Your copy should hold exactly the lines from the beginning of the listing below through the line with "Williamsburg Mayor Clyde", without any pictures.

(Provided material)

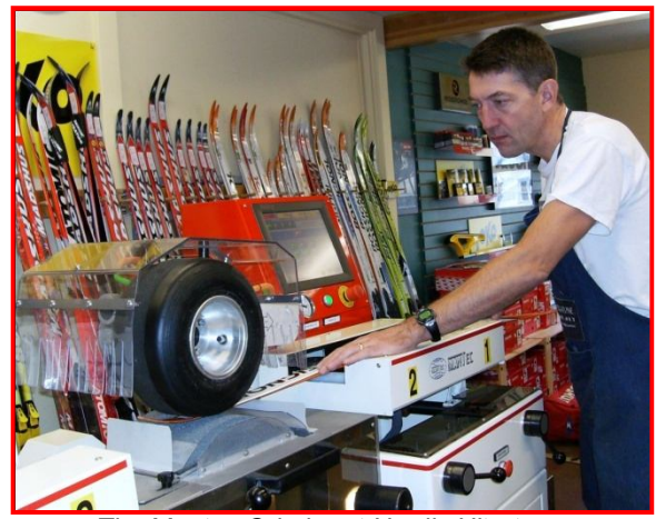
The Mantec Grinder at Nordic Ultratune

Download a <u>workorder form</u>, and send some skis! Spring and summer is a great time to get the skis prepared for the coming season. ■
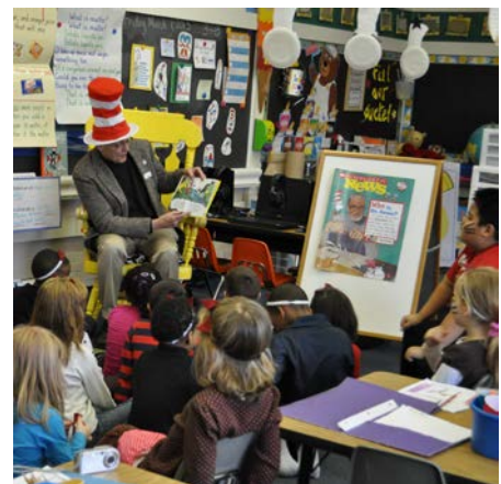
Williamsburg Mayor Clyde Haulman reading to Matthew Whaley students

The city's school population, for purposes of apportioning cost between the city and the county as determined by September 30, 2012 enrollment, is 902 , or 8.55% of the total.

(End Provided material)

## Exercise response:
The Mantec Grinder at Nordic Ultratune

Download a <u>workorder form</u>, and send some skis! Spring and summer is a great time to get the skis prepared for the coming season. ■
Williamsburg Mayor Clyde Haulman reading to Matthew Whaley students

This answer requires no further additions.